Referent/in: Wolfram Eichler (Leipzig)
VEGF gilt als Schlüssel-Zytokin bei der Entstehung pathologischer Neovaskularisationen in der Retina. Retinale Glia- (Müller-) Zellen sind Produzenten dieses Faktors, den sie unter Ischämie bzw. Hypoxie hochregulieren. Weiterhin sezernieren Müllerzellen mehrere antiangiogene Mediatoren wie z.B. PEDF (pigment epithelium-derived factor) und TGF (transforming growth factor)-β; hierdurch wird konstitutiv eine antiproliferative Umgebung für die Gefäß-Endothelzellen festgelegt. Wenn diese antiangiogenen Faktoren neutralisiert werden, kann dies den angiostatischen Einfluß von Müllerzellen auf die endotheliale Proliferation verringern. Sowohl PEDF als auch TGF-β2 kontrollieren die Proliferation retinaler Endothel-Zellen, indem sie die intrazelluläre Signalweiterleitung durch MAP-Kinasen (ERK-1/-2) unterdrücken. Weiterhin ist der antiproliferative Einfluß von TGF-β2 mit einem Anstieg der Phosphorylierung von Smad-Proteinen assoziiert.
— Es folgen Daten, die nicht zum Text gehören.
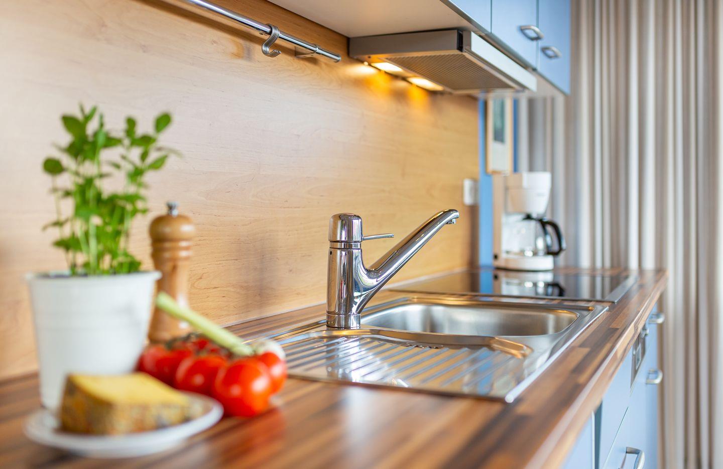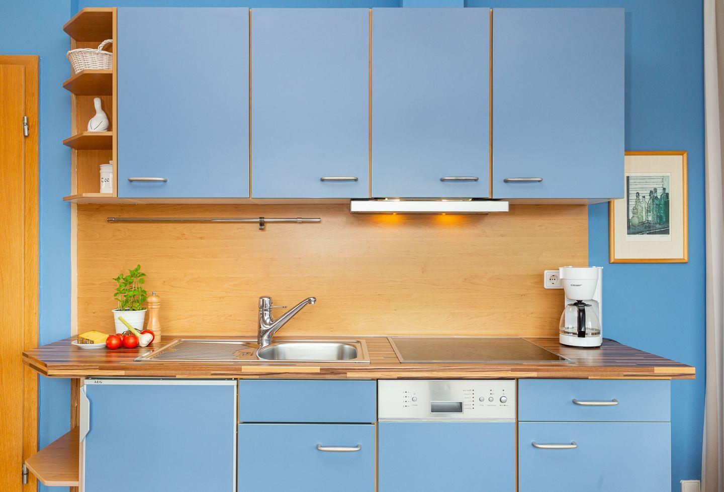 Die Wohnung verfügt über ein Wohnzimmer mit separatem Schlafzimmer mit Boxspringbett, eine voll ausgestattete Küche mit Geschirrspüler, ein Duschbad, einen Balkon mit Meerblick, Satelliten TV und WLAN.

Eine Exposition retinaler Endothelzellen gegenüber TGF-β2 oder einem Cocktail von Faktoren, die durch Müllerzellen sezerniert werden, führte zu einer erhöhten Aktivierung von Smad2/3, welche offensichtlich eine Rolle bei der Steuerung der TGF-β2-vermittelten reduzierten ERK-1/-2-Aktivität spielt. Angesichts ihres Einflusses auf endotheliale Signal-Mechanismen und die Proliferation von Endothel-Zellen besitzen Müllerzellen eine bedeutende Rolle bei der Kontrolle von Angiogenese und retinaler Neovaskularisierung.